First trip to the Accra Mall and all I can see for at least 30 minutes is fleshy chunky chocolate coloured thighs of Ghanaian girls. From my extensive travels (in East Africa off course), they wear ridiculously short clothing. I bet you no one would walk on Nairobi’s streets in skirts that length without the layabouts baying for blood. Once I normalised and internalised those thighs ,the next thing that struck me was the African print. This country is obsessed with African print. Dresses, trousers, mens suits, purses, sofa cushions and even bikinis !
In this country, people go out to the mall to hang out. I don’t do that and I imagine most Kenyans don’t.
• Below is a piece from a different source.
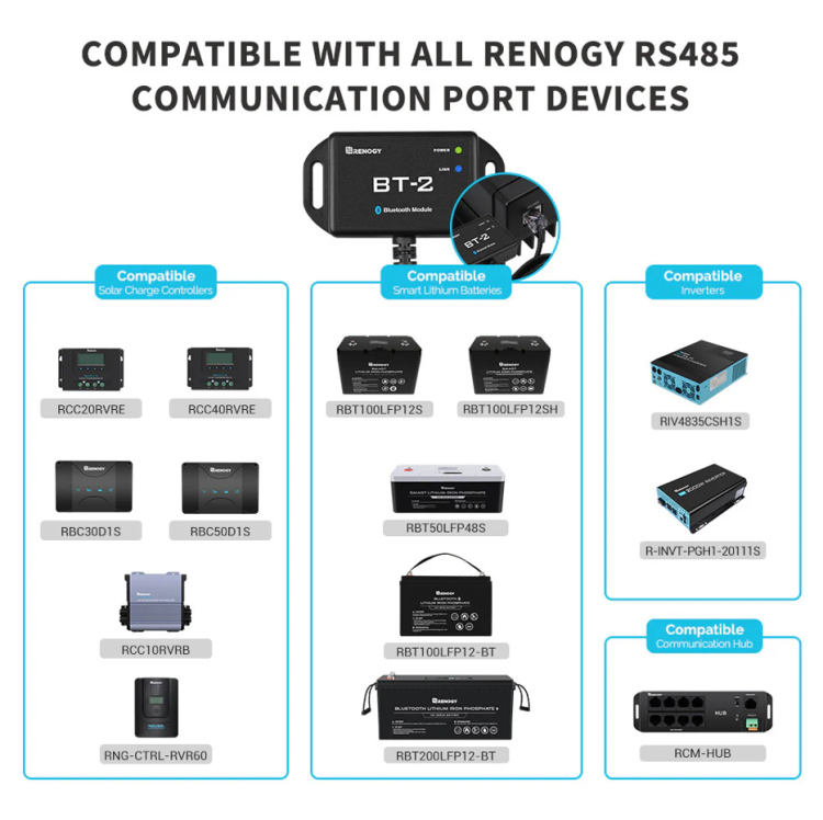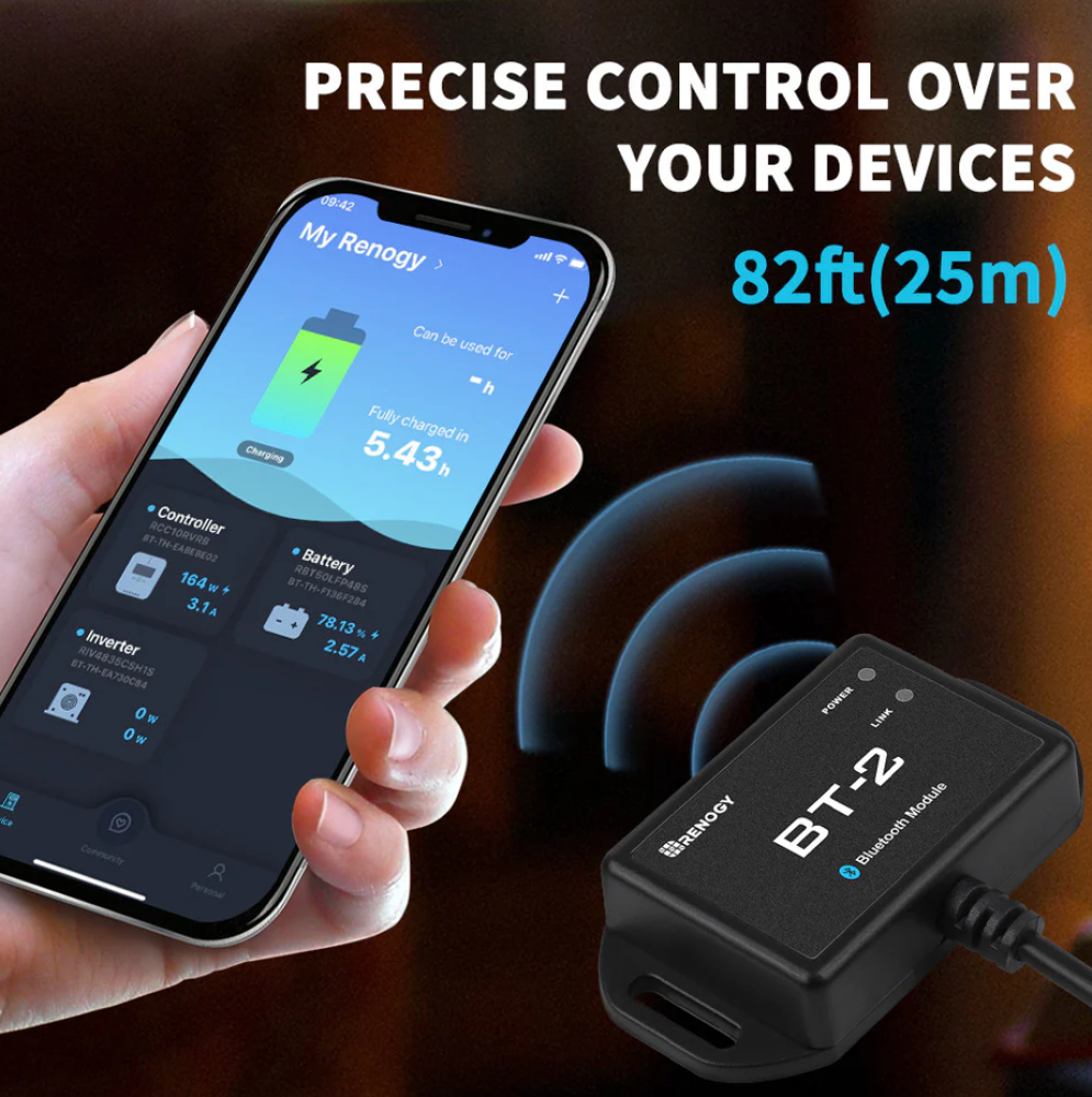 Renogy BT-2 Bluetooth Module. The Renogy BT-2 is the new generation Bluetooth module for select Renogy solar charge controllers, DC-DC battery chargers, smart lithium batteries, and inverters. Powered by its RJ45 communication port, the BT-2 provides wireless monitoring of the system data and allows users to change parameters through the Renogy DC Home smartphone App. The Renogy DC Home App can help make your off-grid power system smarter by giving you access to configure, monitor, update, and diagnose your Renogy products from the convenience of your smart phone or tablet. Dimensions approx. 67.3 x 35 x 14mm. Cable length 5m.

I go to the mall to buy milk, buy medicine and take out cash from the ATM. Here, the girls in the African print mini dresses and the boys in the African print jackets – the Sauti Sol kind which I think is so fashionable– but then again, fashion is not one of my medals – go to the mall to hang out along the hallways with earphones in their ears as they sip on their soft drinks. Yes, like we see them do in the American movies.
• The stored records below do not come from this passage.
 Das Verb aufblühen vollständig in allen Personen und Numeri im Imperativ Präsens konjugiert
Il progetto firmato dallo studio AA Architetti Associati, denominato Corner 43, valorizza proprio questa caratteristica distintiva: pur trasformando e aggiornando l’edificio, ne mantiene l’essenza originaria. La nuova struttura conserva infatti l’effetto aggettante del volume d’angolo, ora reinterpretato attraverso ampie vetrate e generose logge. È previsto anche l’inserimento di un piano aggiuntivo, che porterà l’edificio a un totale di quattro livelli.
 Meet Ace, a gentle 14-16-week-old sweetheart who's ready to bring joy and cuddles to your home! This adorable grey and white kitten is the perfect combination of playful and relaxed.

Next thing I notice is the English. The average Ghanaian asking for directions will say ‘excuse me ma’am, which way to Independence Square?”. I bet you the average Kenyan does not even know the difference between “mum” and “ma’am”. Ghaniaans have a better grasp of the Queen’s language. Perhaps because English unifies all ethnic groups and they do not have a Kiswahili equivalent. Maybe, if we also did not have Kiswahili, we would have wider vocabulary.
Drive around Accra and they is a very Pan African atmosphere in the city. They are all these bigger than life (in its literary sense) portraits of prominent Africans. Off course starting with the father of the nation Kwame Nkurumah and others such as PLO Lumbumba and Mwalimu Julius Nyerere. I don’t quite grasp what Pan Africanism stood for so I must save myself from that discussion as I do not want to loose your respect. Though someone did mention that it was African socialism.
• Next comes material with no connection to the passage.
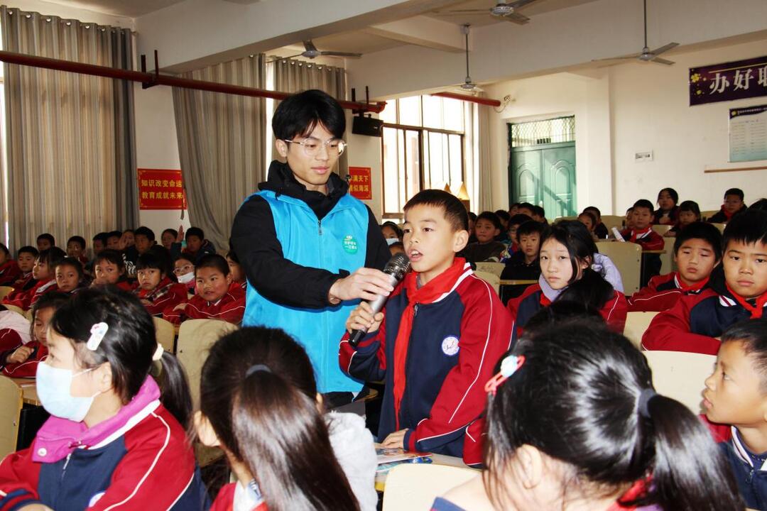 为将宏大的国家战略与鲜活的乡土实践相结合,活动特别邀请了大洲乡安全村党支部书记钟存兴加入宣讲队伍。钟书记以村内蓬勃发展的油茶产业和正在探索的林业碳汇项目为生动教材,向孩子们讲述了安全村如何将生态保护与经济发展有机结合,真正让“绿叶子”变成了“金果子”。接地气的讲述和身边的实例,让“绿水青山就是金山银山”的理念不再抽象,激发了孩子们对家乡生态的自豪与守护之情。在最后的互动环节,宣讲团设置了趣味十足的“生态知识大闯关”互动答题,围绕水资源保护、垃圾分类、污染防治等与生活息息相关的内容进行提问。同学们踊跃举手、争相作答,在轻松热烈的氛围中巩固了环保知识,深化了“保护环境、人人有责,从小事做起、从我做起”的行动共识。

The city is far cleaner that Nairobi. Traffic can build up though I don’t think any Nairobian got anything on the Acrra city residents as far as traffic goes. My good friend Mia, if you are reading this – I was wrong. The place that stirred something in me was the view of the Atlantic standing near the president’s residence and the Independence Square. If those slaves stowed away across the Atlantic had a chance to stand on the steps of the Independence Square overlooking the Atlantic, I’m sure they would surge with pride at the promise of Ghana (please visit
Accra also has a sense of art. There are artists and sculptors all across Accra running art exhibitions. For these many exhibitions, someone must buy the art. Sculptors of half-naked Nubians and abstract art do nothing for me. And it’s not for lack of trying. We went for an art exhibition and I spent 10 minutes searching for soul in the eyes of the half-naked Nubian woman and I was only left thinking “gee she must be cold standing with uncovered nipples all day long”. But then again, to each his own.